Miss X– excepted, none of our party had ever been numbered amongst the spiritualists, least of all Mr. Y–. We Theosophists did not believe in the playfulness of departed souls, though we admitted the possibility of some mediumistic phenomena, while totally disagreeing with the spiritualists as to the cause and point of view. Refusing to believe in the interference, and even presence of the spirits, in the so-called spiritualistic phenomena, we nevertheless believe in the living spirit of man; we believe in the omnipotence of this spirit, and in its natural, though benumbed capacities. We also believe that, when incarnated, this spirit, this divine spark, may be apparently quenched, if it is not guarded, and if the life the man leads is unfavorable to its expansion, as it generally is; but, on the other hand, our conviction is that human beings can develop their potential spiritual powers; that, if they do, no phenomenon will be impossible for their liberated wills, and that they will perform what, in the eyes of the uninitiated, will be much more wondrous than the materialized forms of the spiritualists. If proper training can render the muscular strength ten times greater, as in the cases of renowned athletes, I do not see why proper training should fail in the case of moral capacities. We have also good grounds to believe that the secret of this proper training—though unknown to, and denied by, European physiologists and even psychologists—is known in some places in India, where its knowledge is hereditary, and entrusted to few.

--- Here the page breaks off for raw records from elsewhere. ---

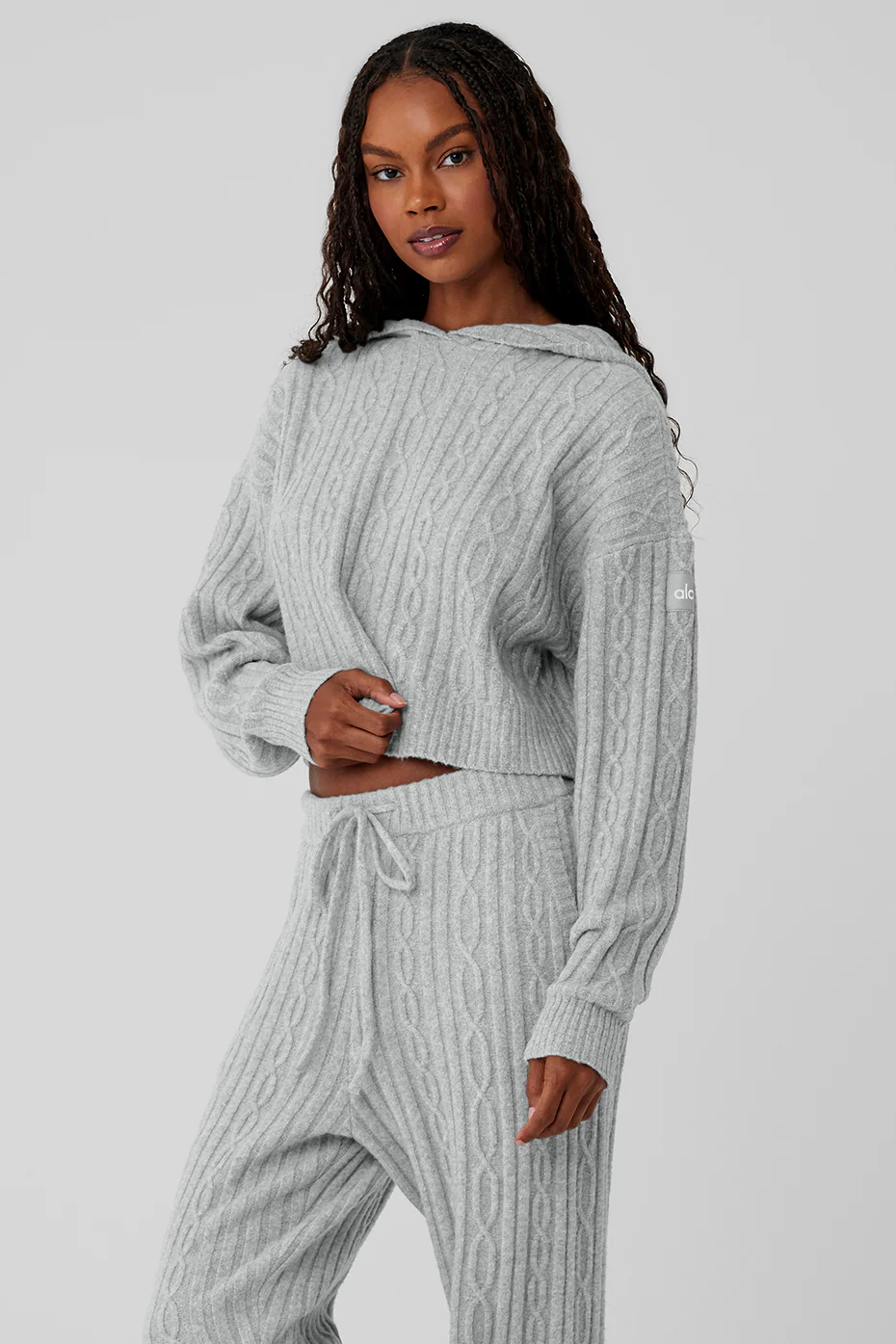 Alo Yoga Cable Knit Winter Bliss Hoodie – Athletic Heather Grey
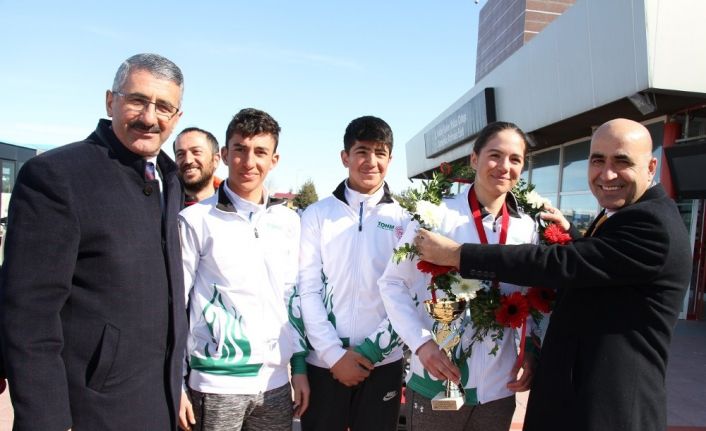 Uluslararası FIS Çocuk Kupası Alp Disiplininde ülkemize bir altın bir de bronz madalya kazandıran Ceren Reyhan Yıldırım, milli takımdan arkadaşları ile birlikte Erzurum Havalimanında çiçeklerle karşılandı.
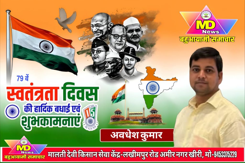 लखीमपुर खीरी:अवधेश कुमार-मालती देवी किसान सेवा केंद्र लखीमपुर रोड अमीर नगर खीरी की तरफ से समस्त क्षेत्रवासियों को 79वें स्वतंत्रता दिवस की हार्दिक शुभकामनाएं..
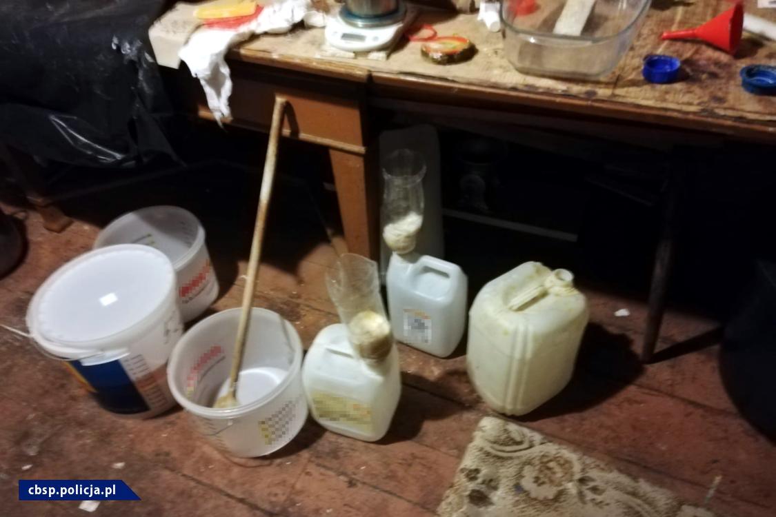 W trakcie przeszukania domu policjanci potwierdzili swoje przypuszczenia. Na pierwszym piętrze odkryli laboratorium metamfetaminy. Na miejscu przeprowadzono bardzo dokładne oględziny pomieszczenia, w którym znajdowało się laboratorium. Policjanci znaleźli i zabezpieczyli odczynniki oraz substancje chemiczne, łącznie blisko 93 litry różnych chemikaliów służących do produkcji tego narkotyku.
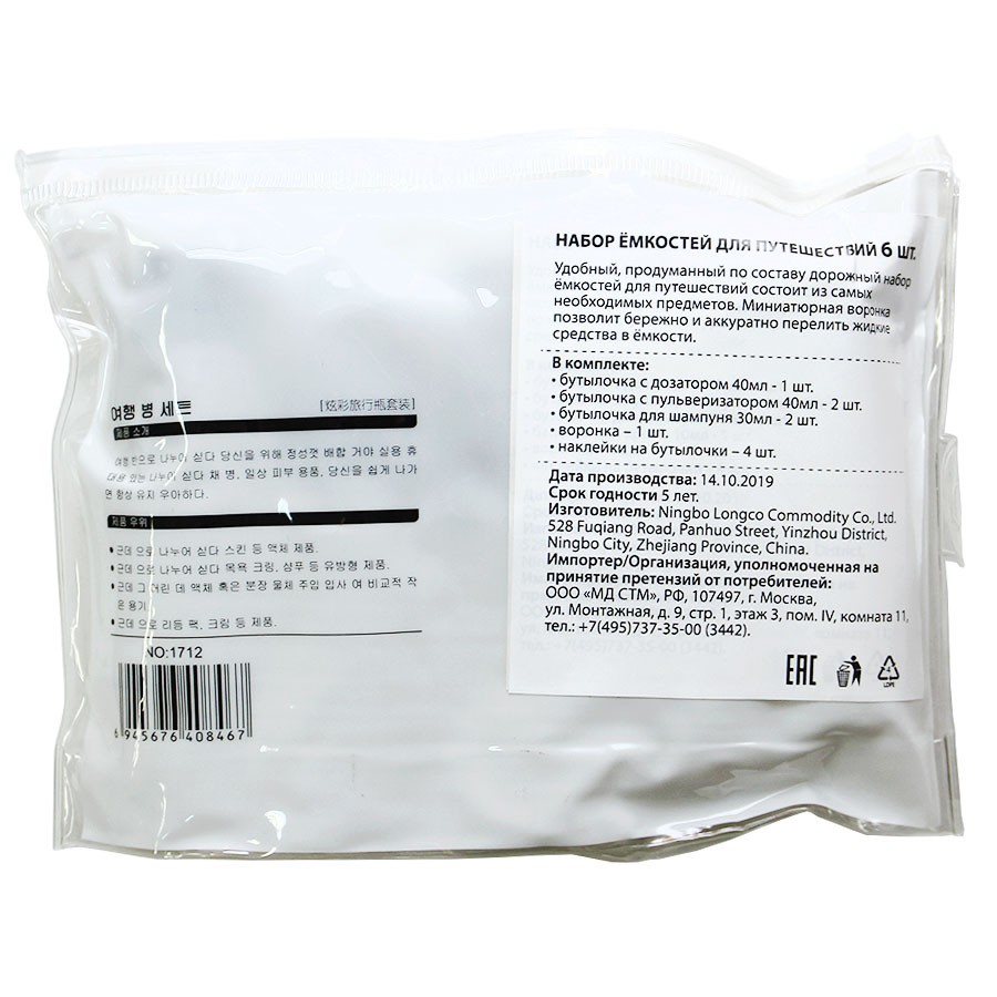 Оригинальность: Оригинал; Страна производитель, на упаковке: Китай Все описание Набор дорожных ёмкостей 6 шт.
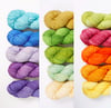 LOL is a boomerang shawl with simple textured stitches. Use your favorite tonal color to create your own LOL. This was made with Dirty Water Dyeworks Lillian in “Depression Glass” (single skein) and Heliotrope (2 skeins.) Choose your favorite color - she has many beautiful colors to choose from (see left.)

Mr. Y– was a novice in our Society and looked with distrust even on such phenomena as can be pro-duced by mesmerism. He had been trained in the Royal Institute of British Architects, which he left with a gold medal, and with a fund of scepticism that caused him to distrust everything, en dehors des mathematiques pures. So that no wonder he lost his temper when people tried to convince him that there existed things which he was inclined to treat as "mere bosh and fables."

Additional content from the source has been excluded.